* EXERCISE DETAILS *
Using the records that follow, reproduce exactly the lines starting at the line containing "Liên chia sẻ." and ending at the line containing "The trolley features". Include both end lines and no pictures.

######

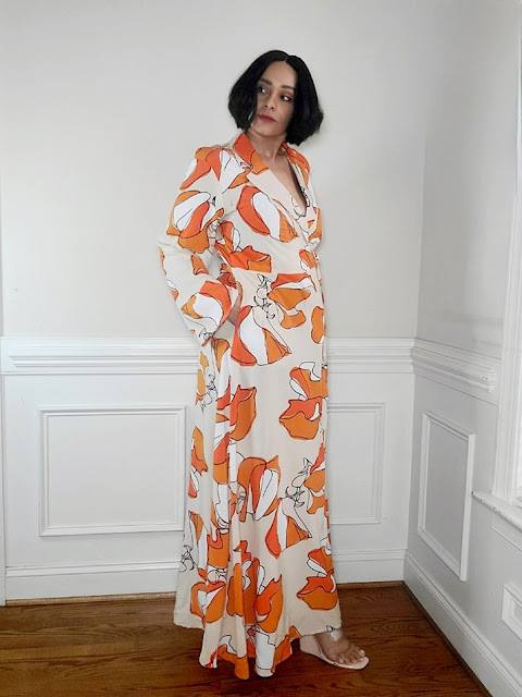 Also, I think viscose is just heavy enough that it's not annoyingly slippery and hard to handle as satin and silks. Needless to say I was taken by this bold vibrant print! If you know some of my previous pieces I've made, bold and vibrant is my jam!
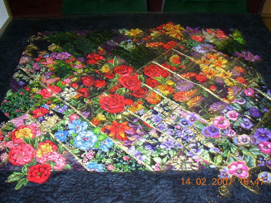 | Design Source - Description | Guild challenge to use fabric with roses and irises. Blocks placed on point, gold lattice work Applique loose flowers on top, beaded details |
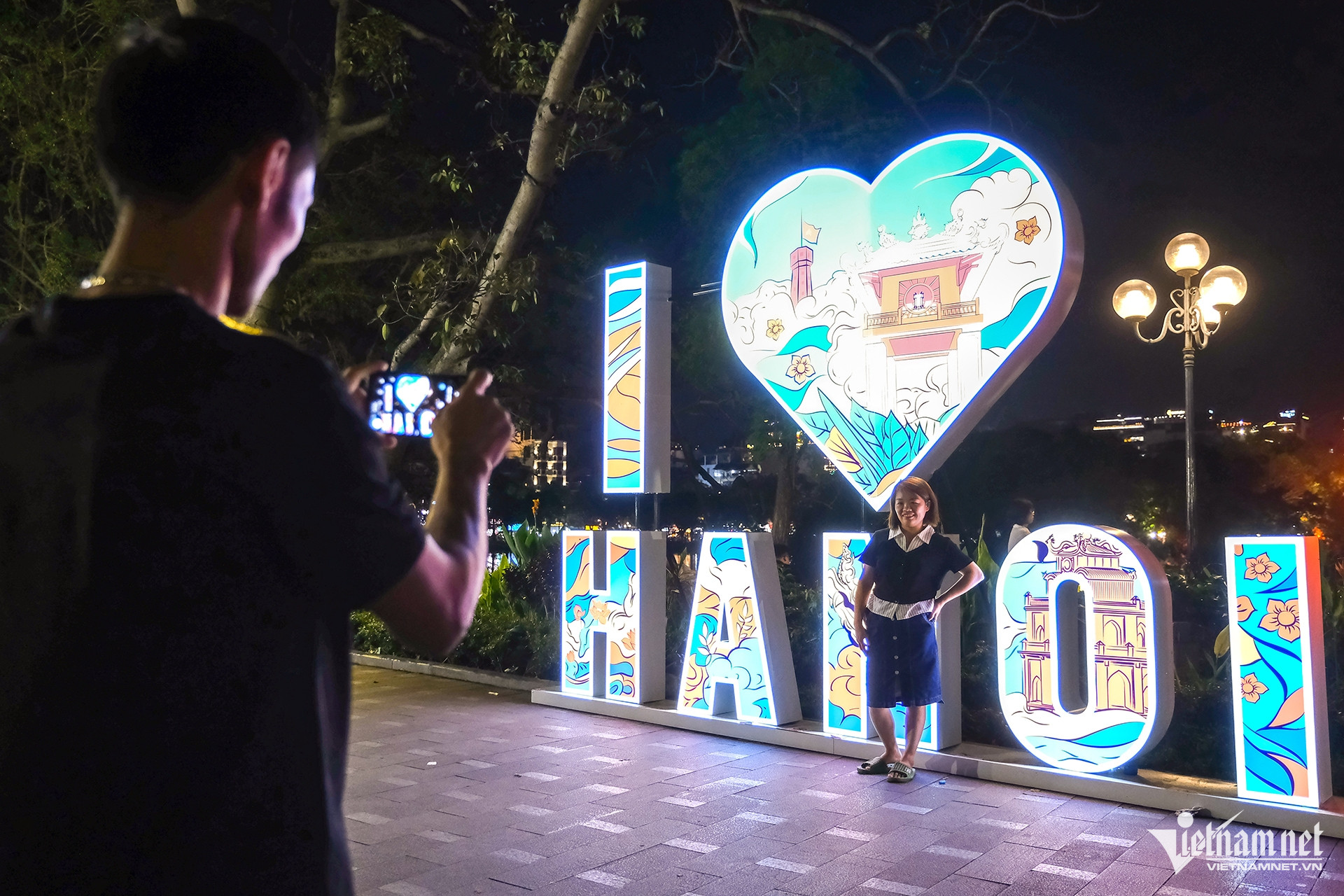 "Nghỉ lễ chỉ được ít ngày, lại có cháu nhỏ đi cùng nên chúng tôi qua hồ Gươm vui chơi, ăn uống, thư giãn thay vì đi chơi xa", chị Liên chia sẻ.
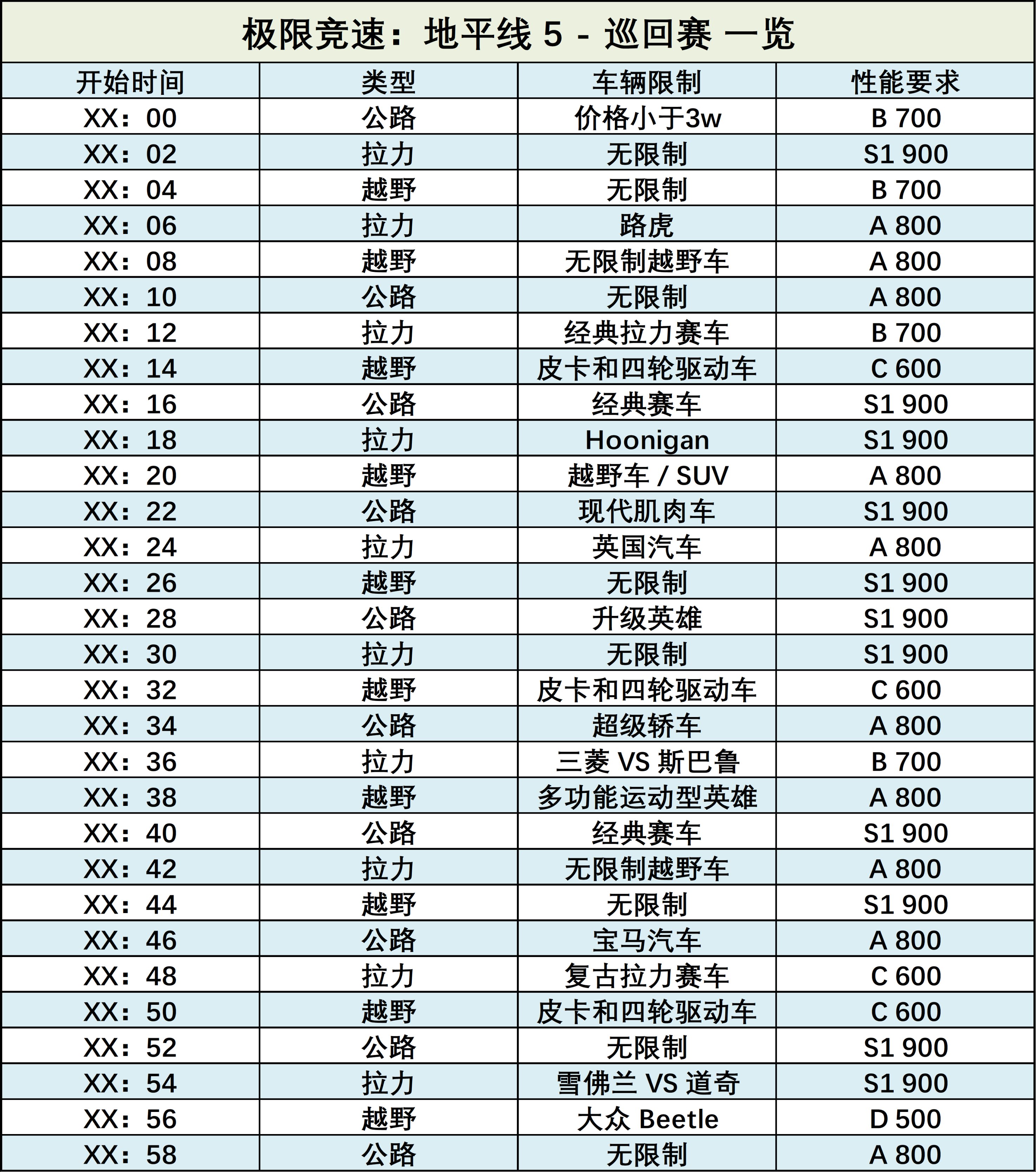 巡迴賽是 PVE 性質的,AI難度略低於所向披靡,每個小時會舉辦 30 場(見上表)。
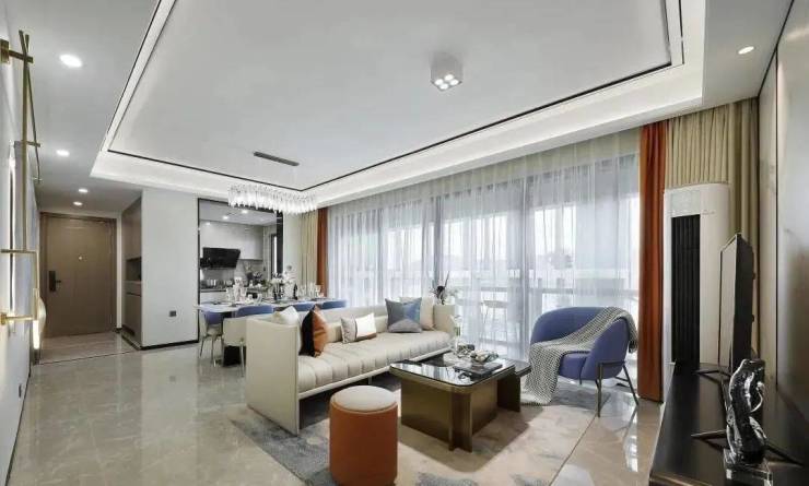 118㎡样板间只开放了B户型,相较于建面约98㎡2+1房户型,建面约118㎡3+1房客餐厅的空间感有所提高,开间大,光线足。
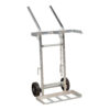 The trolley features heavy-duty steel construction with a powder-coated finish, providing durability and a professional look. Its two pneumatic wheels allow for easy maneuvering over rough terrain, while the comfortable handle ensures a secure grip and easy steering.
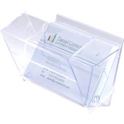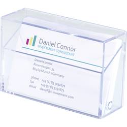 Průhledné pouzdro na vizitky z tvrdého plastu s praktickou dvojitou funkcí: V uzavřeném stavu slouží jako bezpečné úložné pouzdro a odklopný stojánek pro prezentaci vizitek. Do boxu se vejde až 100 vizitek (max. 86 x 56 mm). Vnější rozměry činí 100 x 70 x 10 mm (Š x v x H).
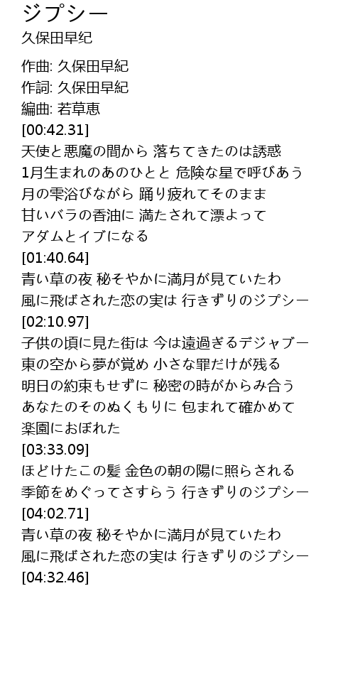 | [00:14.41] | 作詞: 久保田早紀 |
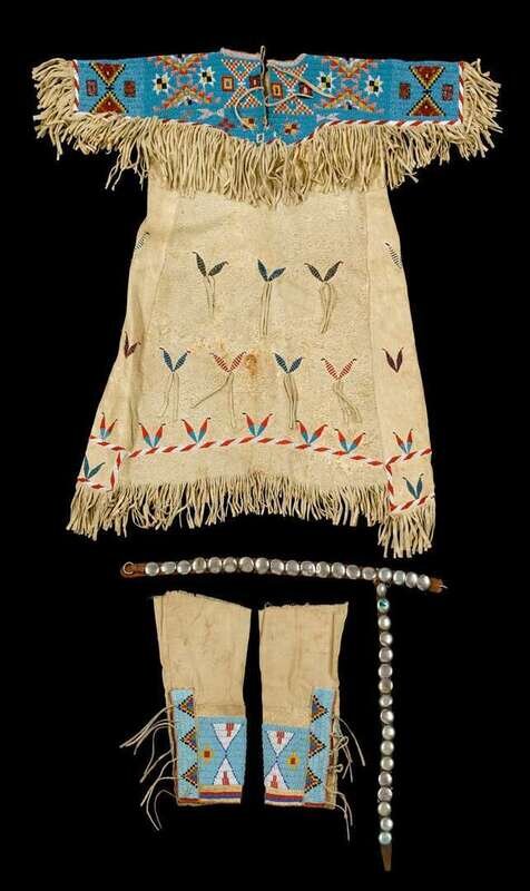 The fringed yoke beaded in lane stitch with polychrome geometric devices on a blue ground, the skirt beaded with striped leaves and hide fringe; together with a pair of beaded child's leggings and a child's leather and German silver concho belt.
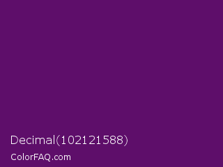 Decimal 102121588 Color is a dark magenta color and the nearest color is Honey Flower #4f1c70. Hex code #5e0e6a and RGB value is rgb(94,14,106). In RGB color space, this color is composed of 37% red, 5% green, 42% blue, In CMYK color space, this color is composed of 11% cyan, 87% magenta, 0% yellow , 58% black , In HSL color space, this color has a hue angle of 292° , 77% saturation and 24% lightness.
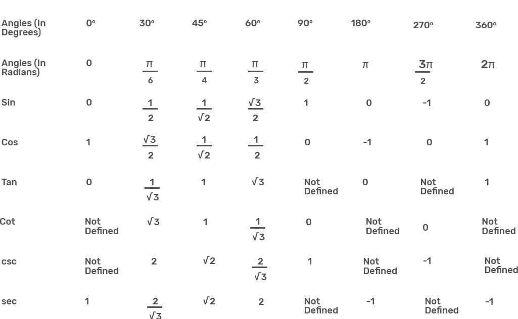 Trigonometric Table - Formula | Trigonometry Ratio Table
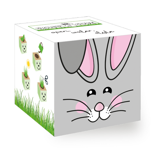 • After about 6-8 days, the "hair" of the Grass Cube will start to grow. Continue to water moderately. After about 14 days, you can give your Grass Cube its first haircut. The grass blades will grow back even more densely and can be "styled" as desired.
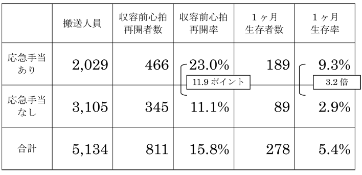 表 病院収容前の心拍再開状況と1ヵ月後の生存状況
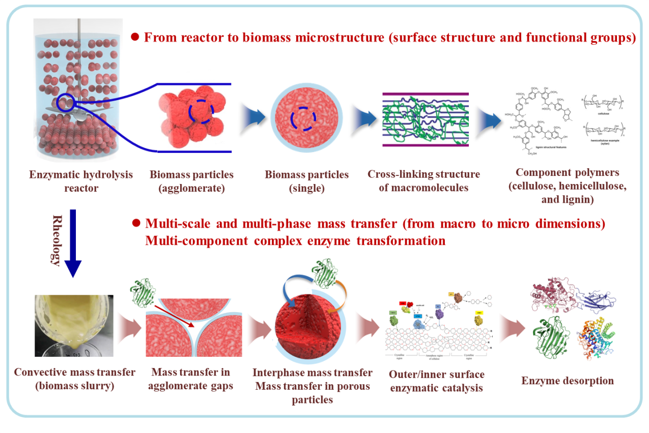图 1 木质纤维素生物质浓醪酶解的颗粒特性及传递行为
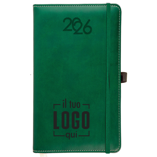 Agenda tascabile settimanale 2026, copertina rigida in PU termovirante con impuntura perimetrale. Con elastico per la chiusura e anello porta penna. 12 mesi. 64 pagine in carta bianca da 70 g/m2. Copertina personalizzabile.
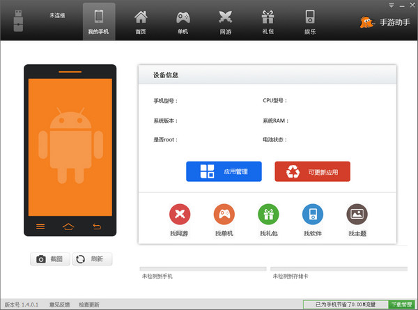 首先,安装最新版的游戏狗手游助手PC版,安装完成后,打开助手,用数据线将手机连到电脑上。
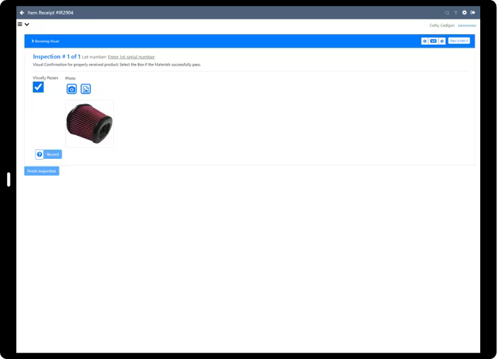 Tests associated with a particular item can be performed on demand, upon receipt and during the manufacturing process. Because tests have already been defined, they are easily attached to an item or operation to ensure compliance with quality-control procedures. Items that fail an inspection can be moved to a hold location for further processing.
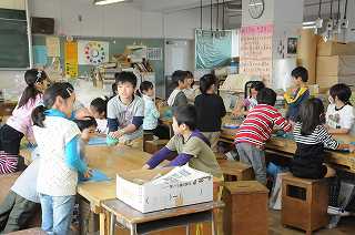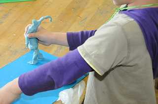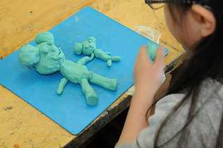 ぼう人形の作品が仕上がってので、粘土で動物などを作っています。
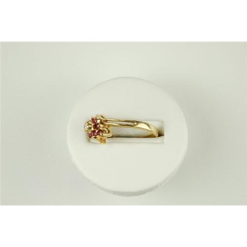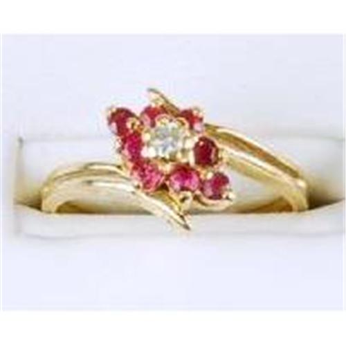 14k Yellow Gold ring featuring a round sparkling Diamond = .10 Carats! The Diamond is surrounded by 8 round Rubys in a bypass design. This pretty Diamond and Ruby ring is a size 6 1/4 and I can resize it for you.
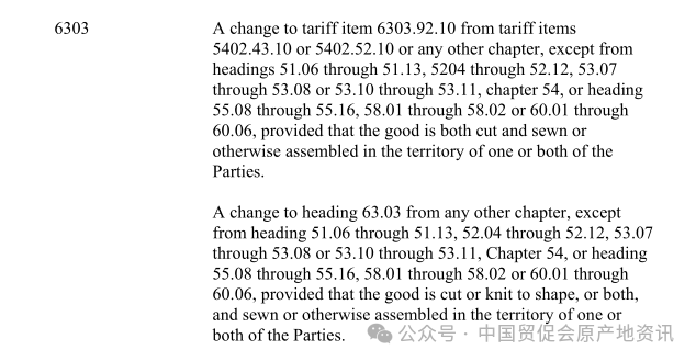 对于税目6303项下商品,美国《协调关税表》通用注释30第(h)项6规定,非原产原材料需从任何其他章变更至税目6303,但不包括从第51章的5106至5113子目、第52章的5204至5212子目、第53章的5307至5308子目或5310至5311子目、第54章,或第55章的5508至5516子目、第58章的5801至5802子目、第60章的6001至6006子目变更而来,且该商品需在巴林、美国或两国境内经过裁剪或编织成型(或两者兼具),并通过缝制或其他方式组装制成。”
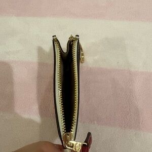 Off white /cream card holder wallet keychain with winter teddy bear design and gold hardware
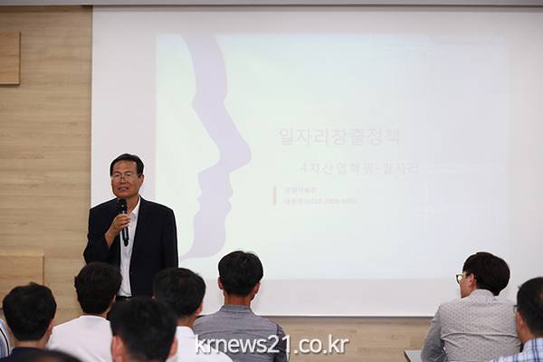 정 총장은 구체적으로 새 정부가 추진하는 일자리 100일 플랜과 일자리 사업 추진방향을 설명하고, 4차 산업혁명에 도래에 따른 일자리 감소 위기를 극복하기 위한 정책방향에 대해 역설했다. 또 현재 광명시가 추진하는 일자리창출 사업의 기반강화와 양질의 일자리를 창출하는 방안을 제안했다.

######

* TASK SOLUTION *
 "Nghỉ lễ chỉ được ít ngày, lại có cháu nhỏ đi cùng nên chúng tôi qua hồ Gươm vui chơi, ăn uống, thư giãn thay vì đi chơi xa", chị Liên chia sẻ.
 巡迴賽是 PVE 性質的,AI難度略低於所向披靡,每個小時會舉辦 30 場(見上表)。
 118㎡样板间只开放了B户型,相较于建面约98㎡2+1房户型,建面约118㎡3+1房客餐厅的空间感有所提高,开间大,光线足。
 The trolley features heavy-duty steel construction with a powder-coated finish, providing durability and a professional look. Its two pneumatic wheels allow for easy maneuvering over rough terrain, while the comfortable handle ensures a secure grip and easy steering.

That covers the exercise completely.